WHAT THE EXERCISE ASKS – Below are the records; give again exactly the lines from the one containing "Руководитель службы контроля" through the one containing "據(jù)香港《文匯報》等媒", leaving out pictures.

EXTRACTED ENTRIES –
= Beginning of Section =
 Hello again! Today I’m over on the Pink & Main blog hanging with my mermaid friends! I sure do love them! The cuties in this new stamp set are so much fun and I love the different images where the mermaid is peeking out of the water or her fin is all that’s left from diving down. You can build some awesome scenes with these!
= End of Section =
= Beginning of Section =
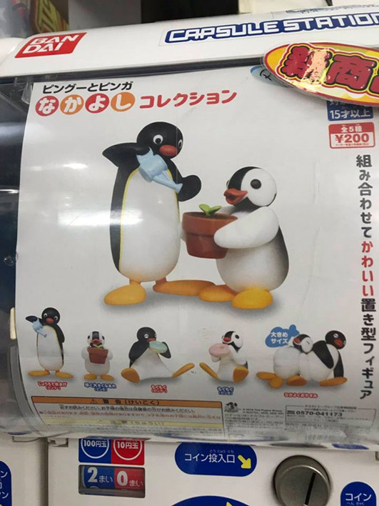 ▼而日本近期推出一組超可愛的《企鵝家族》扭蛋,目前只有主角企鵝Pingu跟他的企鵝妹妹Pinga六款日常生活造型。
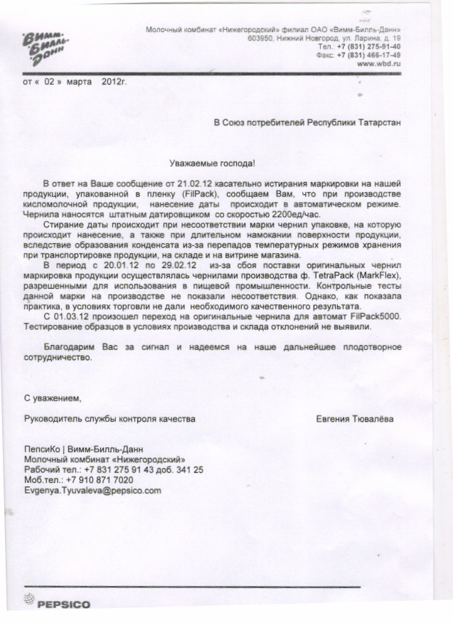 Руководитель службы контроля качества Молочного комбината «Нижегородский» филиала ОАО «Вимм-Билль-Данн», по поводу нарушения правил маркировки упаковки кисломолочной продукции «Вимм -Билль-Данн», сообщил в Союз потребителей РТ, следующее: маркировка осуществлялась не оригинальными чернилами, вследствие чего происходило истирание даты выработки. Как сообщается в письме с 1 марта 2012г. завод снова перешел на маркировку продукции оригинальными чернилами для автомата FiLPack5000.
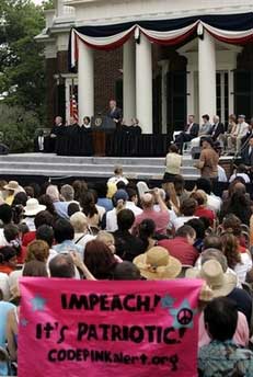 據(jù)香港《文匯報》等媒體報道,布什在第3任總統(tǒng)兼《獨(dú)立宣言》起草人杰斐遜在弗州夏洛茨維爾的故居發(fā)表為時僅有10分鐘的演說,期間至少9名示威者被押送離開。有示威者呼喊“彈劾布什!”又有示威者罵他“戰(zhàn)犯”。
= End of Section =
COMPLETED TASK –
 Руководитель службы контроля качества Молочного комбината «Нижегородский» филиала ОАО «Вимм-Билль-Данн», по поводу нарушения правил маркировки упаковки кисломолочной продукции «Вимм -Билль-Данн», сообщил в Союз потребителей РТ, следующее: маркировка осуществлялась не оригинальными чернилами, вследствие чего происходило истирание даты выработки. Как сообщается в письме с 1 марта 2012г. завод снова перешел на маркировку продукции оригинальными чернилами для автомата FiLPack5000.
 據(jù)香港《文匯報》等媒體報道,布什在第3任總統(tǒng)兼《獨(dú)立宣言》起草人杰斐遜在弗州夏洛茨維爾的故居發(fā)表為時僅有10分鐘的演說,期間至少9名示威者被押送離開。有示威者呼喊“彈劾布什!”又有示威者罵他“戰(zhàn)犯”。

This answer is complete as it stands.